Между прочим, после встречи с Модильяни и рассказа Маревны о том, что Ахматова была в него влюблена, я достала ее стихи и прочитала. И мне в каждой строке чудилось его темноглазое лицо… Видимо, меня всю жизнь тянуло к пороку: Феликс, мой муж, потом Модильяни, ставший после одной-единственной встречи кошмаром моих снов…
Стихи Ахматовой я только раз прочла и забросила, было необычайно горько на душе, возможно, я ревновала… А потом, когда я узнала, что она осталась в России, не эмигрировала, хотя ее мужа, этого чудесного, чудеснейшего поэта Гумилева расстреляли большевики, я вообще даже ее имени слышать не могла!
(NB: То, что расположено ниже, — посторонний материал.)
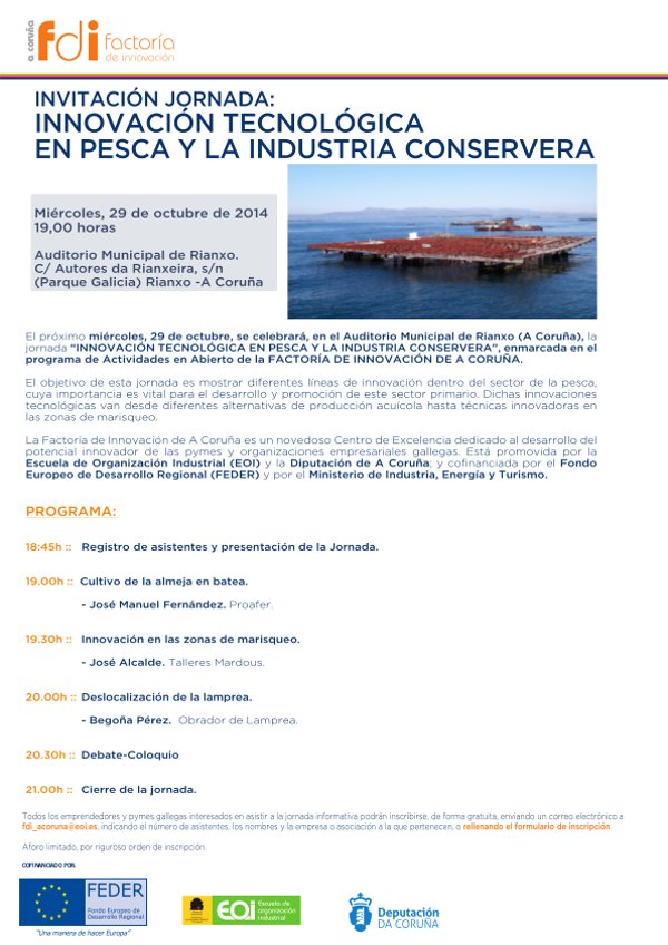 O día 29/10/2014, ás 19:00 horas, vaise celebrar no Centro Sociocultural - Auditorio de Rianxo a xornada "Innovación tecnolóxica en pesca e na industria conserveira" incluída no programa de actividades da Factoría de Innovación da Coruña.

Хотя эти ее стихи… Я плохо запоминаю стихи, но эти забыть не могла, вспоминала их… Может быть, потому, что они не о встрече с «тосканским принцем», а о разлуке с ним, о том, что он и ее бросил, и от нее отвернулся… Как отвернулся и от меня, взглянув только раз.
А впрочем, о чем это я?
Ах да, я хотела лишь сказать, что наше тогдашнее с Феликсом пребывание в Париже очень странно для нас потом отозвалось. Да, оно имело продолжение. Маревна стала у нас служить, сделанные ею шали и пояса были прекрасны, но она весь заработок пропивала, бедняжка. А потом, когда раз, другой, третий подвела нас с коллекциями, мы с ней, конечно, расстались.
К слову сказать, единственная картина Маревны, которую я бы хотела иметь, это портрет Модильяни, тоже красивее настоящего и тоже невероятно на него похожий, как и Жерар Филипп. Но портрет уже безнадежно канул к какому-то маршану, наверное, такому же, как тот, который в фильме «Монпарнас, 19» покупает у Жанны, которая еще не знает о смерти Моди, его картины по дешевке…
Но довольно о художниках и Монпарнасе!
Я и прежде бывала в Париже и знала некоторые модные дома, где можно заказать красивые платья. Мне хотелось обновить свой гардероб перед поездкой в Египет. Раньше, когда мы ездили за платьями с maman, нам в отель присылали образцы тканей и приезжали les mannequins mondains, так называемые светские манекены, которых посылают к избранным клиентам. Они красивы и некоторые даже хорошего происхождения. Им доверяют дорогие туалеты для показа на балах, в путешествиях, на приемах. Они совершенно не тушевались в присутствии особ иностранной императорской фамилии, и maman, сколь мне помнится, один раз сказала, что из меня с моей фигурой вышел бы отличный mannequin, кабы я не держалась так застенчиво, дескать, мне бы надо поучиться у этих девушек себя держать. Кто мог тогда знать, что ее слова окажутся пророческими!
Так вот – поскольку мы с Феликсом жили теперь в Париже «как большие», я уже не была под присмотром maman и Коти, мне стало интересно побывать в каком-нибудь доме моды инкогнито, как обычной даме, не вызывать приказчиков и манекенов в отель. Феликс, который всегда горазд был на любые притворства и авантюры, согласился, что это забавно. Мы поехали в Йnigme на Вандомскую площадь. Это был дорогой, фешенебельный дом, но, пока мы ехали, наш таксомотор застрял в типичной парижской уличной сутолоке тех лет, когда авто еще соседствовали на улицах с фиакрами и даже телегами. Было очень забавно наблюдать, как две повозки сцепились оглоблями. Возчики бранились, лошади сердито ржали, как будто тоже переругивались. Это было уморительно смешно, я никогда ничего подобного в жизни не видела, а Феликс, который деревенскую жизнь знал отлично, покатывался со смеху, глядя на мой восторг. Наконец мы поняли, что ждать придется слишком долго, и решили дойти до Йnigme пешком, велев шоферу подъехать за нами позже. Мы сделали несколько шагов и увидели скромную вывеску… к стыду своему, не помню точно названия, оно было какое-то тривиальное, вроде Bon goыt, «Хороший вкус», не помню и названия улочки, по которой мы шли. Потом, когда мы уже поселились в Париже, я пыталась этот дом отыскать, просто из любопытства, однако, судя по всему, он не пережил тягот Первой мировой войны и закрылся, подобно очень многим небольшим предприятиям.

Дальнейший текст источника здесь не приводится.